Re: [PATCH v3] xen/arm: Convert runstate address during hypcall



On Fri, 31 Jul 2020, Bertrand Marquis wrote:
> Sorry missed some points in my previous answer.
> 
> > On 30 Jul 2020, at 22:50, Julien Grall <julien@xxxxxxx> wrote:
> > 
> > Hi Bertrand,
> > 
> > To avoid extra work on your side, I would recommend to wait a bit before 
> > sending a new version. It would be good to at least settle the conversation 
> > in v2 regarding the approach taken.
> > 
> > On 30/07/2020 11:24, Bertrand Marquis wrote:
> >> At the moment on Arm, a Linux guest running with KTPI enabled will
> >> cause the following error when a context switch happens in user mode:
> >> (XEN) p2m.c:1890: d1v0: Failed to walk page-table va 0xffffff837ebe0cd0
> >> The error is caused by the virtual address for the runstate area
> >> registered by the guest only being accessible when the guest is running
> >> in kernel space when KPTI is enabled.

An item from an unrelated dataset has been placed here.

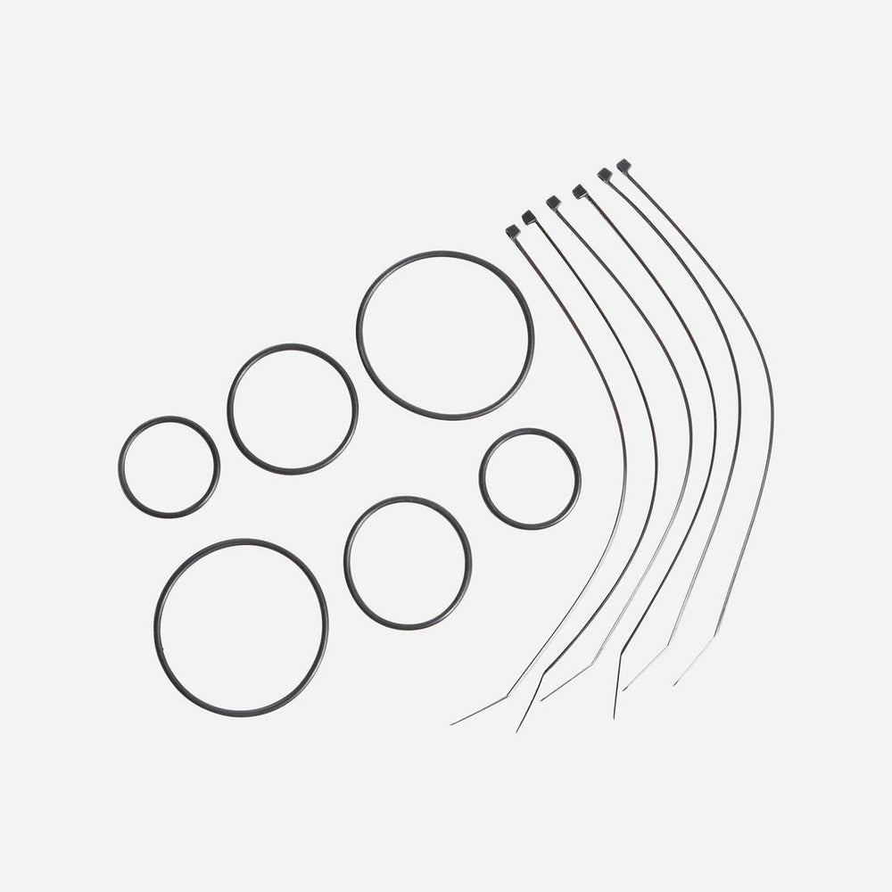 - 6 abrazaderas de ajuste (2 mm x 170 mm) - 2 elásticos de caucho de 3 cm de diámetro - 2 elásticos de caucho de 4 cm de diámetro - 2 elásticos de caucho de 6 cm de diámetro

> >> To solve this issue, this patch is doing the translation from virtual
> >> address to physical address during the hypercall and mapping the
> >> required pages using vmap. This is removing the conversion from virtual
> >> to physical address during the context switch which is solving the
> >> problem with KPTI.
> > 
> > To echo what Jan said on the previous version, this is a change in a stable 
> > ABI and therefore may break existing guest. FAOD, I agree in principle with 
> > the idea. However, we want to explain why breaking the ABI is the *only* 
> > viable solution.
> > 
> > From my understanding, it is not possible to fix without an ABI breakage 
> > because the hypervisor doesn't know when the guest will switch back from 
> > userspace to kernel space. The risk is the information provided by the 
> > runstate wouldn't contain accurate information and could affect how the 
> > guest handle stolen time.
> > 
> > Additionally there are a few issues with the current interface:
> >   1) It is assuming the virtual address cannot be re-used by the userspace. 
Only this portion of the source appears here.